- _WHAT TO DO_
Output the entries word for word. Omit images.

**** GIVEN DATA ****

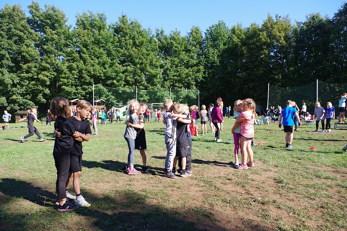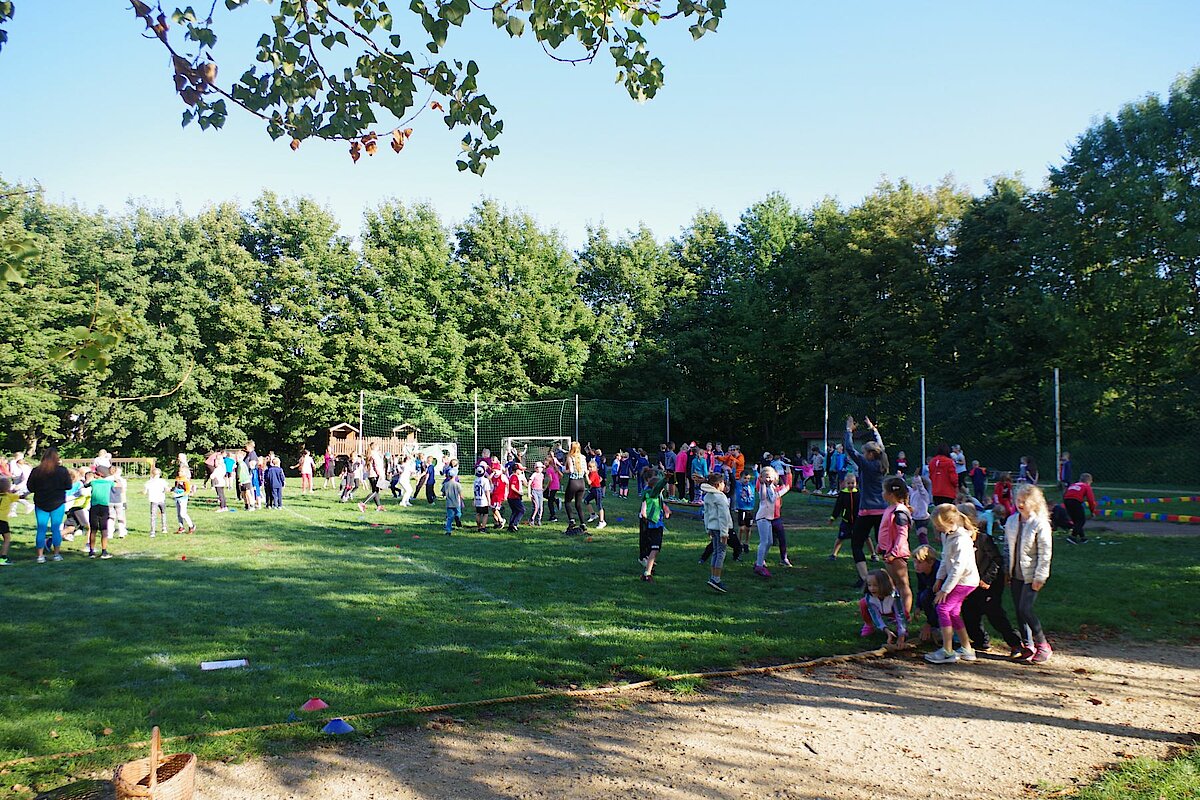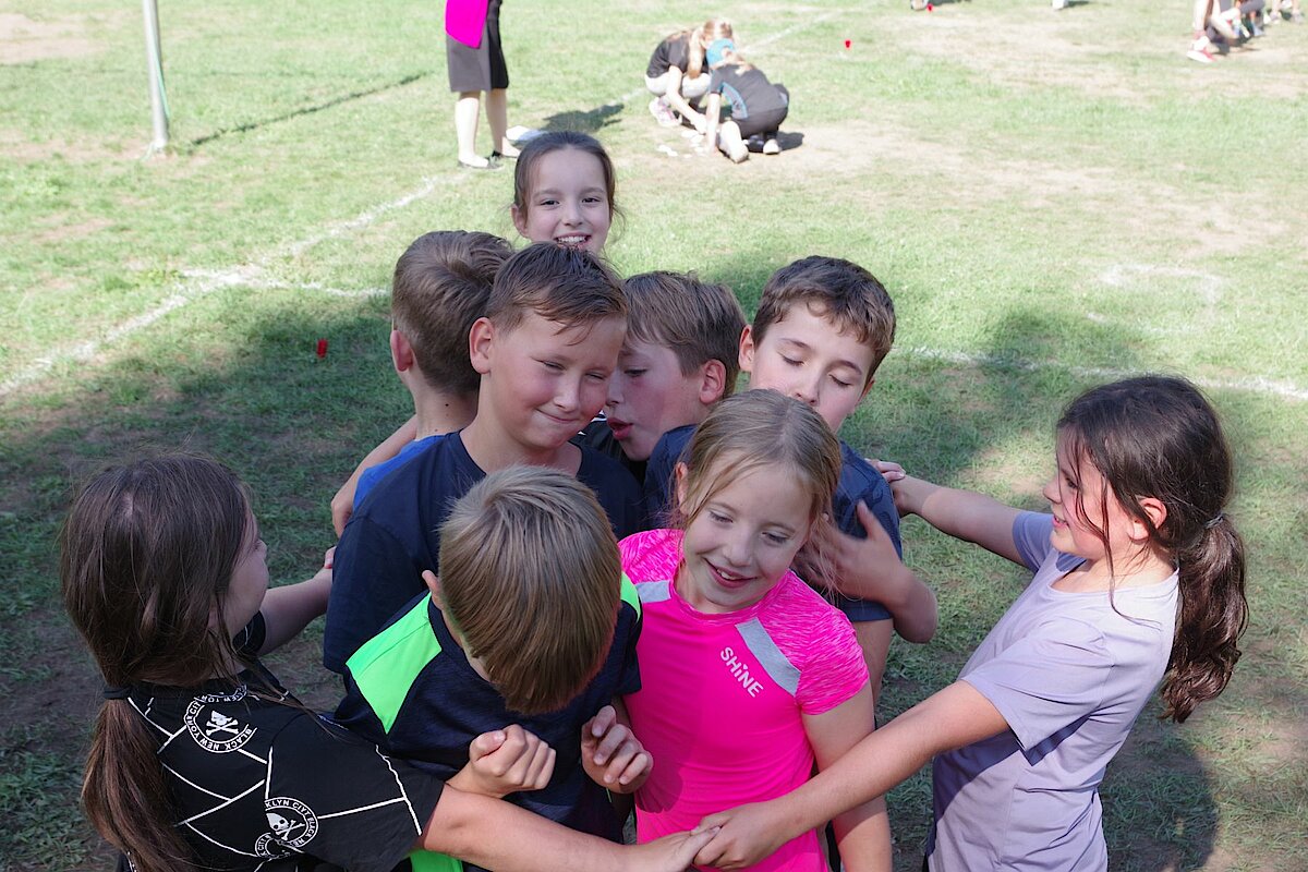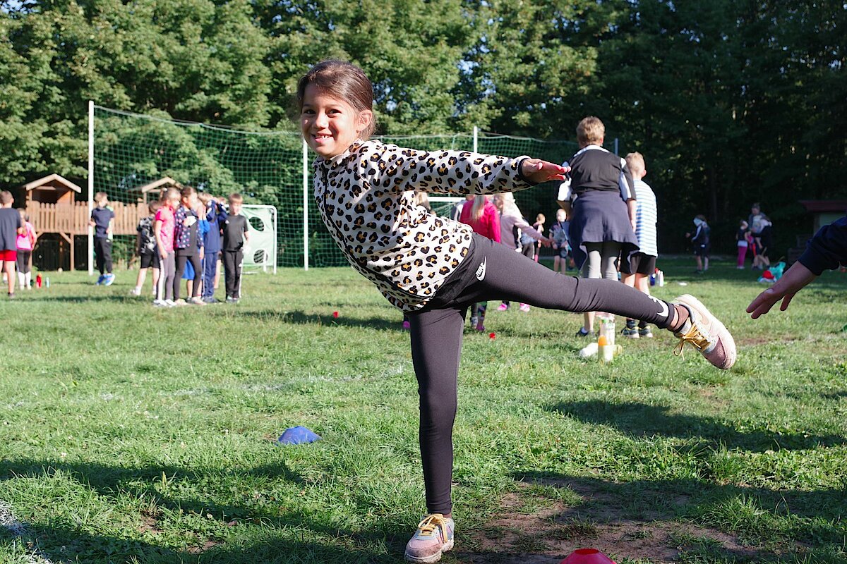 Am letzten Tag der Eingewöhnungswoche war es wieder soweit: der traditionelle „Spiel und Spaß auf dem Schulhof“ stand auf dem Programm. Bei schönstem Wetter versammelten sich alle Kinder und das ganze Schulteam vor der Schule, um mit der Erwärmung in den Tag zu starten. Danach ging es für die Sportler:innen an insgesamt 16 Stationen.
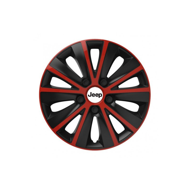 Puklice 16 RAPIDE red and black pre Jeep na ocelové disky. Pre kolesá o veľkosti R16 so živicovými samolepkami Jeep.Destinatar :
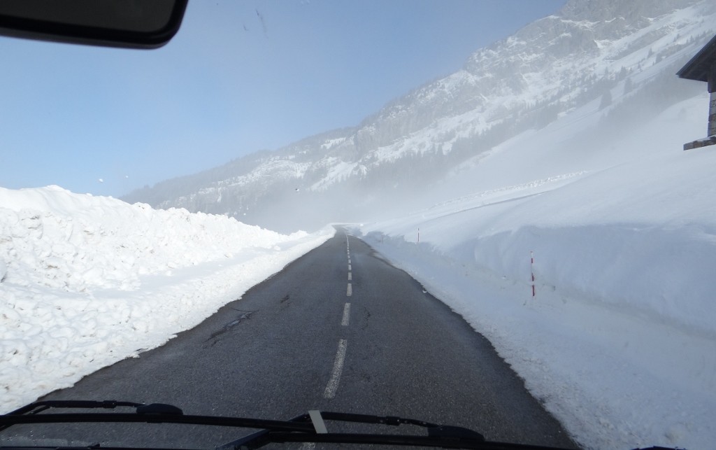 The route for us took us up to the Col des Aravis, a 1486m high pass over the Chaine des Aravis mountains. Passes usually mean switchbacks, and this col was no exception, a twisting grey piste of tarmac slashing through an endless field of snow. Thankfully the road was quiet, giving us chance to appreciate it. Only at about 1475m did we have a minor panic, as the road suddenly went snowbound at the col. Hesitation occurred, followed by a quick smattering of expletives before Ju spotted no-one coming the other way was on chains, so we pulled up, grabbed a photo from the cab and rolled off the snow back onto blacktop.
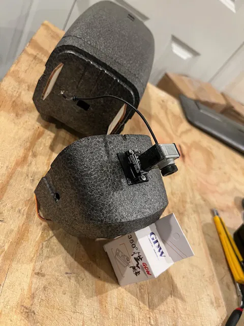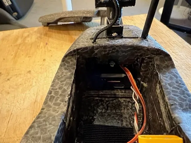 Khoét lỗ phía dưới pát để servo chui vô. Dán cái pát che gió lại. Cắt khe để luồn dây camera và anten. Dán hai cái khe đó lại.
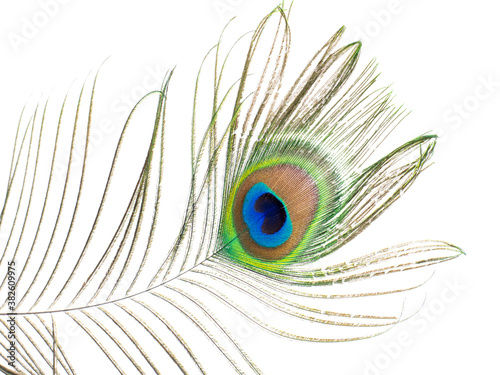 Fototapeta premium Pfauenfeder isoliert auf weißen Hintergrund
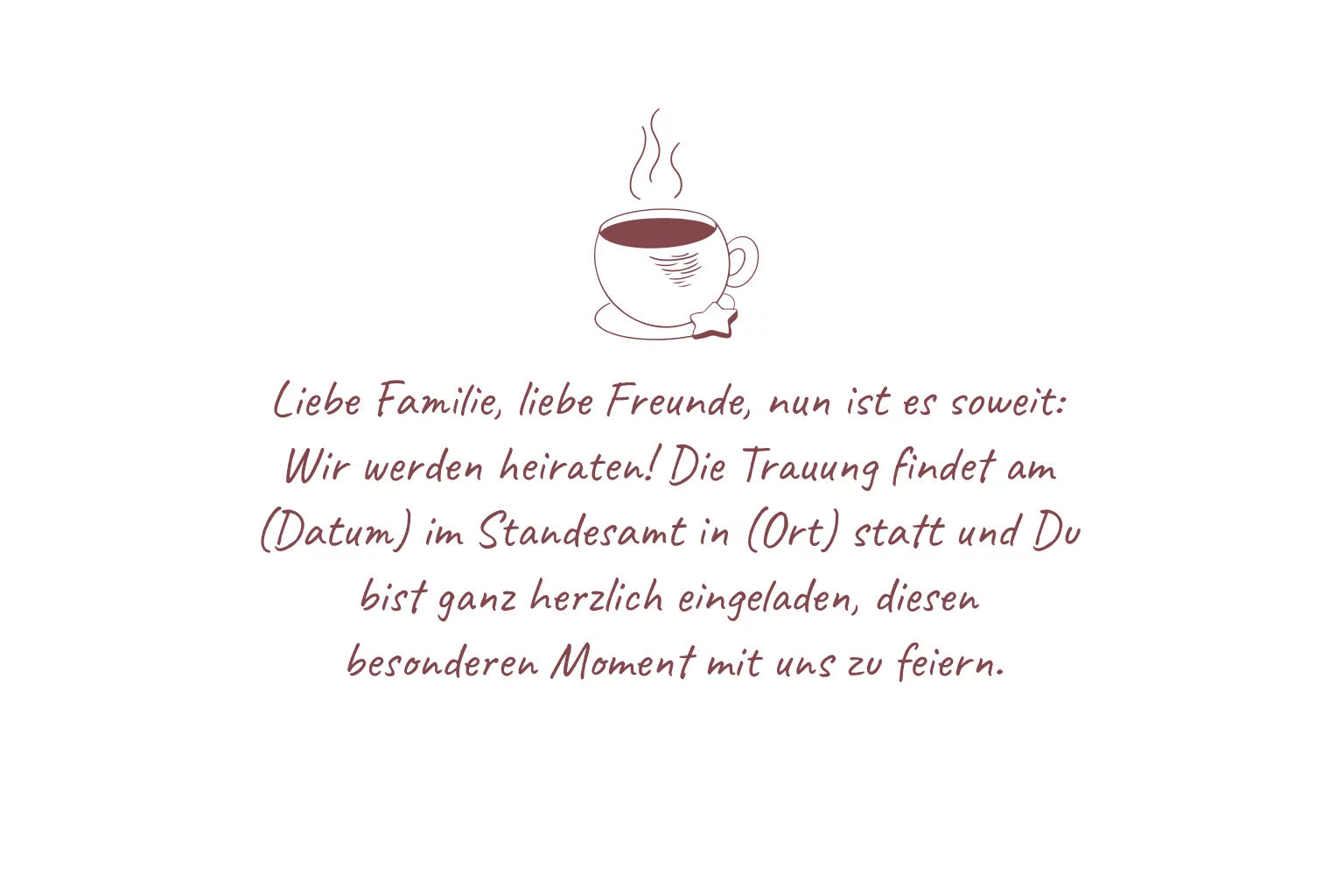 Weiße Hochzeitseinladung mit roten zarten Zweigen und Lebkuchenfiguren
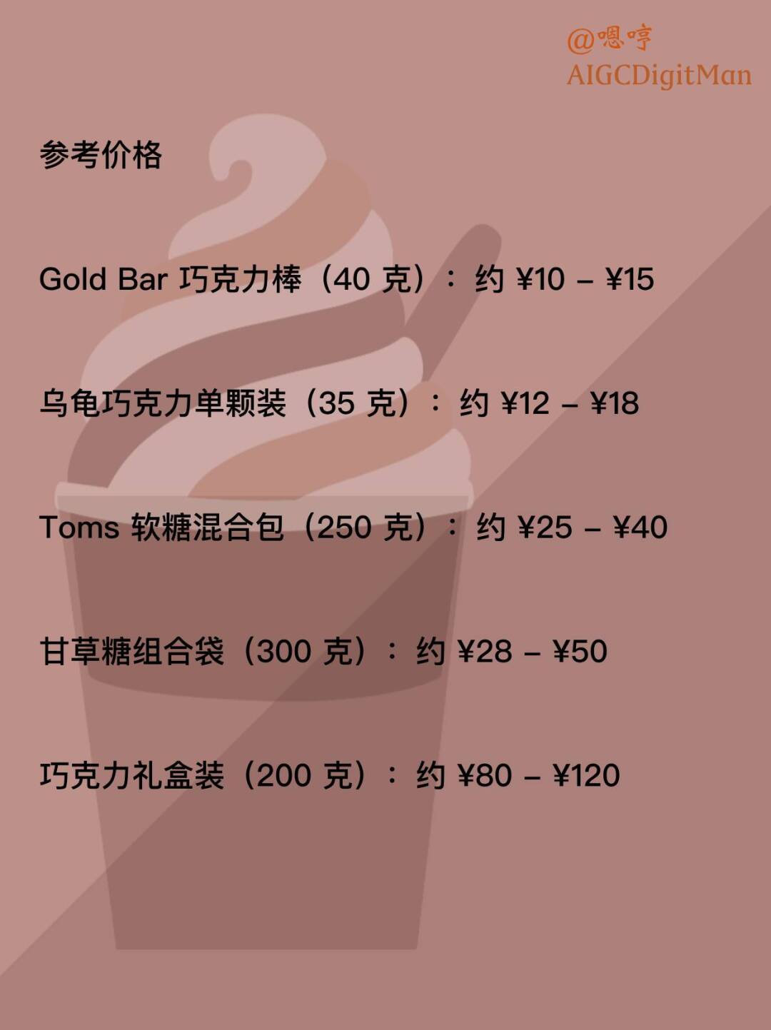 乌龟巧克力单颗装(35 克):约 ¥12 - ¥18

****

- _ANSWER BOX_
 Am letzten Tag der Eingewöhnungswoche war es wieder soweit: der traditionelle „Spiel und Spaß auf dem Schulhof“ stand auf dem Programm. Bei schönstem Wetter versammelten sich alle Kinder und das ganze Schulteam vor der Schule, um mit der Erwärmung in den Tag zu starten. Danach ging es für die Sportler:innen an insgesamt 16 Stationen.
 Puklice 16 RAPIDE red and black pre Jeep na ocelové disky. Pre kolesá o veľkosti R16 so živicovými samolepkami Jeep.Destinatar :
 The route for us took us up to the Col des Aravis, a 1486m high pass over the Chaine des Aravis mountains. Passes usually mean switchbacks, and this col was no exception, a twisting grey piste of tarmac slashing through an endless field of snow. Thankfully the road was quiet, giving us chance to appreciate it. Only at about 1475m did we have a minor panic, as the road suddenly went snowbound at the col. Hesitation occurred, followed by a quick smattering of expletives before Ju spotted no-one coming the other way was on chains, so we pulled up, grabbed a photo from the cab and rolled off the snow back onto blacktop.
 Khoét lỗ phía dưới pát để servo chui vô. Dán cái pát che gió lại. Cắt khe để luồn dây camera và anten. Dán hai cái khe đó lại.
 Fototapeta premium Pfauenfeder isoliert auf weißen Hintergrund
 Weiße Hochzeitseinladung mit roten zarten Zweigen und Lebkuchenfiguren
 乌龟巧克力单颗装(35 克):约 ¥12 - ¥18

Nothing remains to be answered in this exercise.